Could you copy out all of the records below exactly, leaving out every picture?

**Records provided**
- Opening Delimiter -
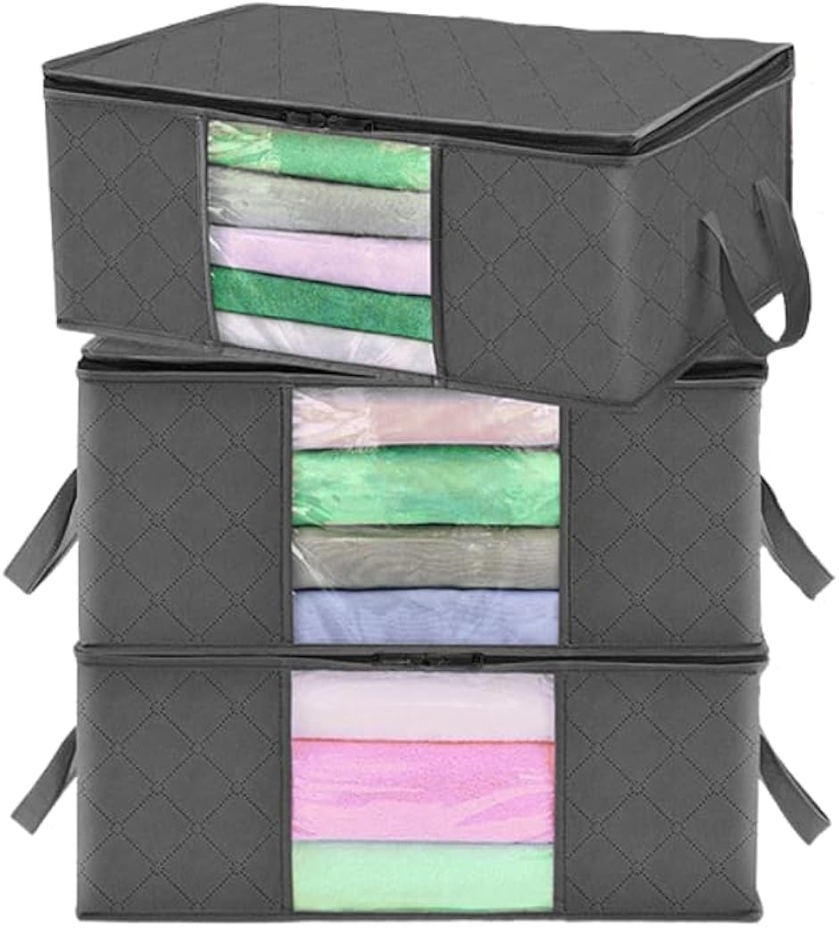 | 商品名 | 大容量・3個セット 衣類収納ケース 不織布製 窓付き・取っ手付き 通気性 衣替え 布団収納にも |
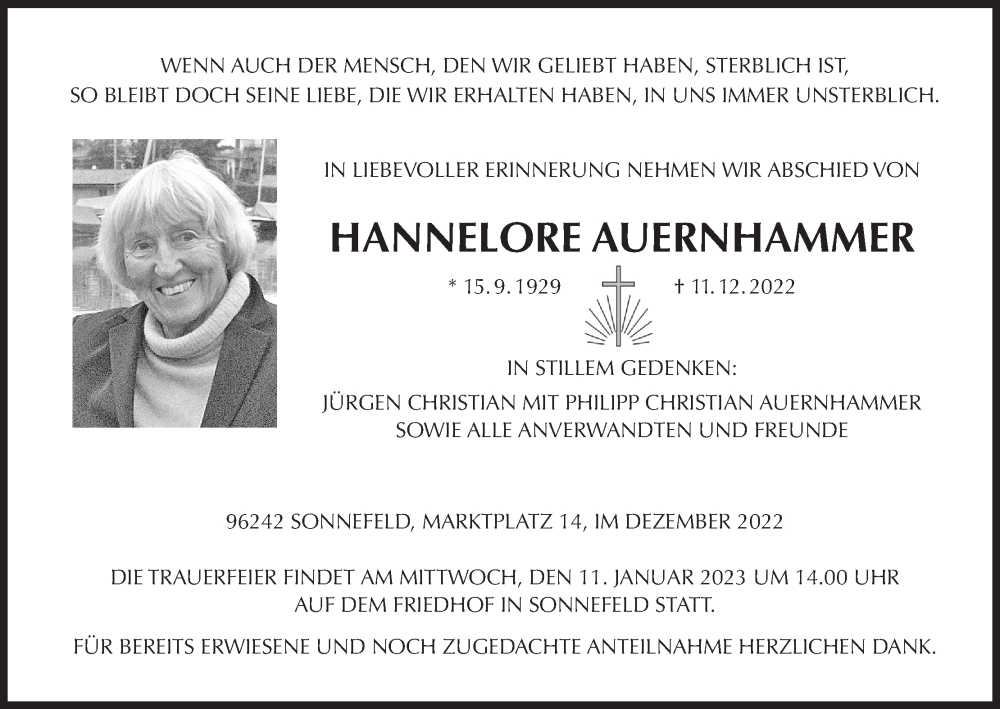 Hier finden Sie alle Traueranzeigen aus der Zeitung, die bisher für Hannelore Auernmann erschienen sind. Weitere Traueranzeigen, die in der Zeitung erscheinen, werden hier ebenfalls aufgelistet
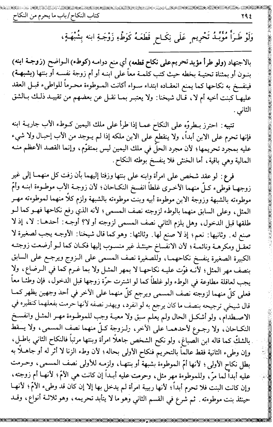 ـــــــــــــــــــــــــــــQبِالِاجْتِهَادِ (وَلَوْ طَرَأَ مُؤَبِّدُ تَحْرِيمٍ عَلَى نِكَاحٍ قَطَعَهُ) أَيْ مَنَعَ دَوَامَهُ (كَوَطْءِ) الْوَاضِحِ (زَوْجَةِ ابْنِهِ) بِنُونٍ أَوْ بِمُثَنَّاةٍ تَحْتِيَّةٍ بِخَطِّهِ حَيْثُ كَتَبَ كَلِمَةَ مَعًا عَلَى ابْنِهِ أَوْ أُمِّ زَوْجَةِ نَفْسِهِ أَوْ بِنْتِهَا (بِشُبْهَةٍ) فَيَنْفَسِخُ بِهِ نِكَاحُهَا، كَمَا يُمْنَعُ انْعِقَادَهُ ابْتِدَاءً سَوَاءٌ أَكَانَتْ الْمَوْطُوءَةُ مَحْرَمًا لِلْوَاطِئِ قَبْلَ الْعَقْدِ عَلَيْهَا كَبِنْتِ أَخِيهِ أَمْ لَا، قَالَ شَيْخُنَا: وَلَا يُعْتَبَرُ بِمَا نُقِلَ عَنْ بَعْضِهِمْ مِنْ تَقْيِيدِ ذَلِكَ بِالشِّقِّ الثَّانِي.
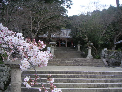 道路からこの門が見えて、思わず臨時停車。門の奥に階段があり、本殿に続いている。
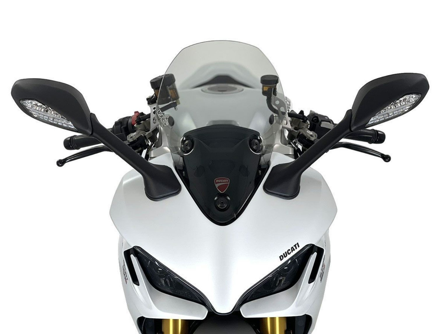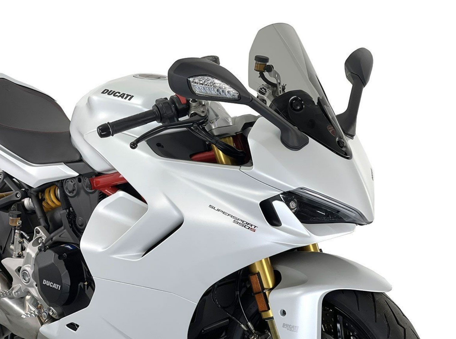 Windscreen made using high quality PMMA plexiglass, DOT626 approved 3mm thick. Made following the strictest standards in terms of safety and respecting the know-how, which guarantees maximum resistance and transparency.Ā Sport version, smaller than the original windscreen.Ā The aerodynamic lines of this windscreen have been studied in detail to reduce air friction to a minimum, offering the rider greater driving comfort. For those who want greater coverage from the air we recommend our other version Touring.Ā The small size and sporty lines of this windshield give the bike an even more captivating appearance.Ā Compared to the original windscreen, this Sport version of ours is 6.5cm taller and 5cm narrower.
- Closing Delimiter -
**Solution for this task**
 | 商品名 | 大容量・3個セット 衣類収納ケース 不織布製 窓付き・取っ手付き 通気性 衣替え 布団収納にも |
 Hier finden Sie alle Traueranzeigen aus der Zeitung, die bisher für Hannelore Auernmann erschienen sind. Weitere Traueranzeigen, die in der Zeitung erscheinen, werden hier ebenfalls aufgelistet
 ـــــــــــــــــــــــــــــQبِالِاجْتِهَادِ (وَلَوْ طَرَأَ مُؤَبِّدُ تَحْرِيمٍ عَلَى نِكَاحٍ قَطَعَهُ) أَيْ مَنَعَ دَوَامَهُ (كَوَطْءِ) الْوَاضِحِ (زَوْجَةِ ابْنِهِ) بِنُونٍ أَوْ بِمُثَنَّاةٍ تَحْتِيَّةٍ بِخَطِّهِ حَيْثُ كَتَبَ كَلِمَةَ مَعًا عَلَى ابْنِهِ أَوْ أُمِّ زَوْجَةِ نَفْسِهِ أَوْ بِنْتِهَا (بِشُبْهَةٍ) فَيَنْفَسِخُ بِهِ نِكَاحُهَا، كَمَا يُمْنَعُ انْعِقَادَهُ ابْتِدَاءً سَوَاءٌ أَكَانَتْ الْمَوْطُوءَةُ مَحْرَمًا لِلْوَاطِئِ قَبْلَ الْعَقْدِ عَلَيْهَا كَبِنْتِ أَخِيهِ أَمْ لَا، قَالَ شَيْخُنَا: وَلَا يُعْتَبَرُ بِمَا نُقِلَ عَنْ بَعْضِهِمْ مِنْ تَقْيِيدِ ذَلِكَ بِالشِّقِّ الثَّانِي.
 道路からこの門が見えて、思わず臨時停車。門の奥に階段があり、本殿に続いている。
 Windscreen made using high quality PMMA plexiglass, DOT626 approved 3mm thick. Made following the strictest standards in terms of safety and respecting the know-how, which guarantees maximum resistance and transparency.Ā Sport version, smaller than the original windscreen.Ā The aerodynamic lines of this windscreen have been studied in detail to reduce air friction to a minimum, offering the rider greater driving comfort. For those who want greater coverage from the air we recommend our other version Touring.Ā The small size and sporty lines of this windshield give the bike an even more captivating appearance.Ā Compared to the original windscreen, this Sport version of ours is 6.5cm taller and 5cm narrower.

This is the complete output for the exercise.